The reader buried her head in the book and sobbed in exasperation, "I don't know!"
***
I wish I could tell you whether or not I liked If On a Winter's Night A Traveler.
At first it wasn't bad. I was on board with the whole idea that the main character, The Reader, started reading a book, but found that it was missing all but its first chapter because of a binding error. I was OK with the archaic descriptions of tearing apart the pages of the folios of a new book. I have never done this ever, and none of my parents' books -- many of which predated the publish date of If On A Winter's Night A Traveler (IOAWNAT) -- seemed to have had their pages physically ripped apart, but maybe in Italy in 1978 books were still sold with their folios uncut.
And it didn't even irritate me at first that even though the book addressed the actual reader -- i.e. me -- in the second person as if it was telling my story, the main character was a sexist heterosexual male. I mean it's not as if Italo Calvino is unique in portraying women as secondary, undeveloped characters in the stories of men. He wrote the book in 1978, a year when everyone thought it was OK that Tony and his pals weren't arrested for rape and attempted rape, so what can you expect, really?
The entire book is the story of The Reader and his attempt to find the rest of the book he's started reading. Each time he thinks he has the rest of the book, it turns out to be the rest of another book. So he basically keeps reading bits and pieces of different books, never actually finishing any of them.
He's accompanied on his odyssey to get the rest of the book -- any of the books, really -- by Ludmilla. The Reader meets Ludmilla when they both go to the same bookstore to get the rest of the original book they were reading -- which is If On A Winter's Night A Traveler. They decide to read the book together.

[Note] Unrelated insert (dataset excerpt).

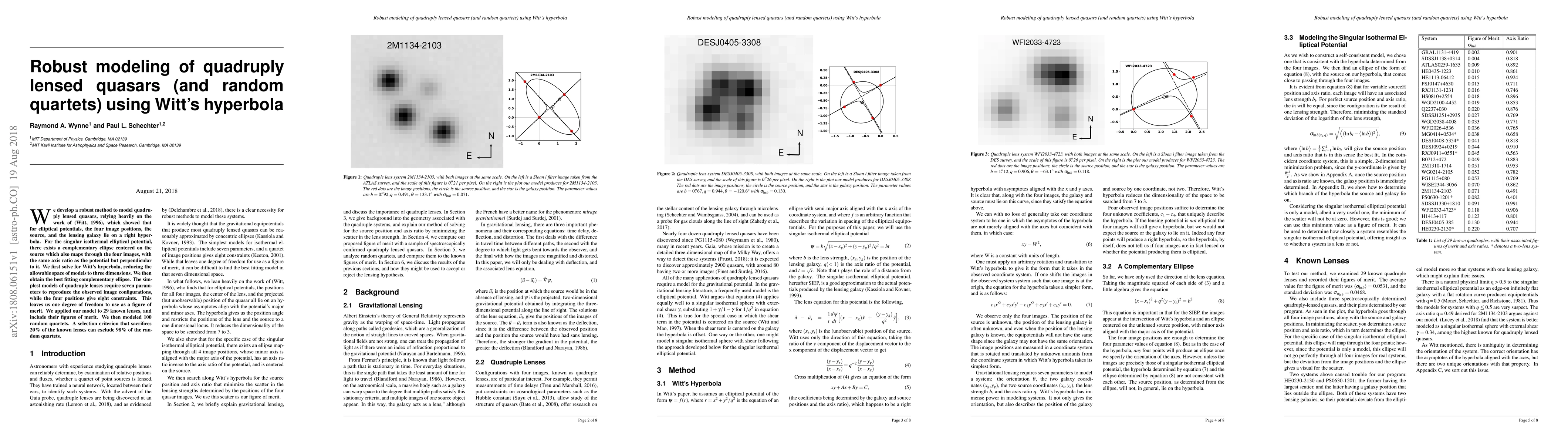 This paper develops a robust modeling technique for quadruply lensed quasars using Witt's hyperbola, reducing model complexity to three dimensions and fitting a complementary ellipse. The method was applied to 29 known lenses and 100 random quartets, showing a strong ability to distinguish true lenses from random configurations.

At first Ludmilla keeps him at arm's length for reasons he can't glean. For some reason The Reader doesn't realize that he's a creepy guy at a bookstore who just asked her for her number. But hey, it was OK to harass women for their phone numbers in 1978. So we'll let that go.
Eventually, though, Ludmilla starts introducing The Reader to all kinds of scholars and whatnot to get to the bottom of all these books they're reading. It's like a real-life version of going down a Wikipedia rabbit hole: you start at the list of Twilight characters and keep clicking on the links until you end up reading about fricative consonants.
I stopped reading around the time when it turns out Ludmilla is the Sultana that some author or agent or something wrote about in his letters about some manuscript, a manuscript Ludmilla may or may not have a copy of.
Now, just so you understand -- whomever you are -- I didn't stop reading the book because it was too confusing. I was able to follow just fine, thank you. I didn't mind the ride.
What pissed me off was that I wasn't sure if I did or did not like the book!
The problem was that each book excerpt was supposed to be a random passage from a book, but each random passage contained too much backstory to be a random passage. Each passage was like a book written by someone with a love for Exposition Fairies. It became tiresome after a bit.
So I was OK with the attempts by Ludmilla and The Reader to find the books, but I really didn't like reading the books these guys found. They were really crappy books.
On top of it all, each book excerpt was written in almost the same post-moderny baroque style as the rest of the book. Maybe I should blame that on the translator?
So yeah, I can't tell you whether or not I liked On A Winter's Night ATraveler because I liked the story, but not its stories. It was like existential angst in book form, but not in a good way.